Memeo et al. (26) reported cases of using PRP combined with intramedullary nails to treat nonunion of forearm fractures, with all seven patients achieving healing; however, their technique was not detailed. We believe that their approach somewhat increased the biological activity at the nonunion site. In contrast, we not only injected PRP into the periosteum and adjacent soft tissues of the nonunion site but also soaked the transplanted bone graft in PRP solution, achieving better biological activity. Trinchese et al. (20) found improved bone proliferation effects when injecting a mixture of PRP and mesenchymal stem cells (MSCs) into the fracture gap. Bettega et al. (21) in an 18-case retrospective controlled study found that combining PRP with a small amount of autologous bone graft reduced the required bone graft by 60%. This finding aligns with Lee et al. (27), indicating that PRP enhances bone reconstruction in the early stages. The outcomes from our case confirm the findings reported in previous literature, and our report provides a standardized and novel method for applying PRP in fracture non-union revision surgery.
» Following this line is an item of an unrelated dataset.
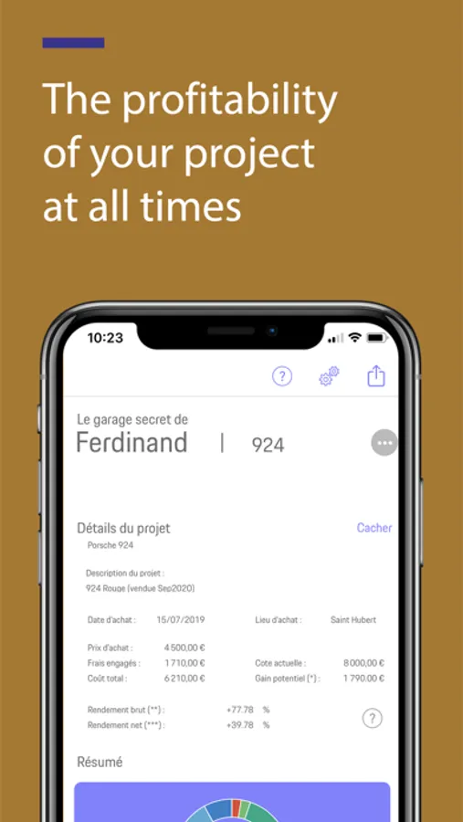 FEES - Ferdinand also becomes your accountant. Keep the list of your costs incurred in your restoration up to date, scan the invoice, etc. At any time, you will thus have the total cost of the restoration and even better; Ferdinand calculates the profitability of your investment for you!
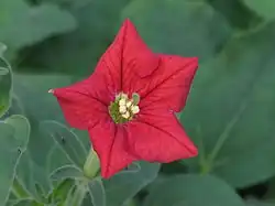 Petunia exserta has a bright red corolla with distinctive exserted stamens and stigma, the latter which are typically associated with hummingbird pollination. It shares the erect habit, and similar corolla, pollen, and stalk attributes of Petunia axillaris and Petunia secreta.[3] The flowers have no fragrance, which is not necessary for attracting hummingbirds, who have little sense of smell.[1] The red color is due to several anthocyanin pigments, which are different from the cause of red color in modern hybrid petunias.[2]

However, in another prospective randomized controlled study involving 120 cases (28), the clinical and radiographic efficacy of using recombinant human bone morphogenetic protein-7 (rhBMP-7) combined with PRP for treating long bone fracture nonunions was found to be inferior to that of the rhBMP-7 group. The suboptimal performance of the PRP group may be due to the lower concentration of growth factors extracted from PRP. In our study, the obtained PRP was laboratory-tested and showed a concentration of up to 909 × 10⁹/L, with most scholars agreeing that concentrations between 500 × 10⁹/L and 1,000 × 10⁹/L can significantly stimulate cell proliferation, migration, and collagen synthesis (29, 30). Furthermore, the aforementioned study (28) did not utilize autologous bone grafting, lacking a bone bridge and osteoconductive capability, which may also contribute to its subpar results. We not only used a higher dose and concentration of PRP but also employed autologous iliac bone grafting, regarded as the “gold standard,” ultimately achieving ideal results. This aligns with the findings of Lee (27) and Dohle (31), among others. Additionally, the PRP preparation technique they used (28) is relatively outdated, whereas the PRP preparation method has rapidly evolved over the past decade (17). In a unique case-control study (32), the healing rate of patients treated with PRP and external fixation (90%) was compared to the healing rate of a historical control group (85%), with no significant benefit from PRP observed. However, caution should be exercised in interpreting this result due to the relatively small sample size (n = 20) and the lack of statistical rigor.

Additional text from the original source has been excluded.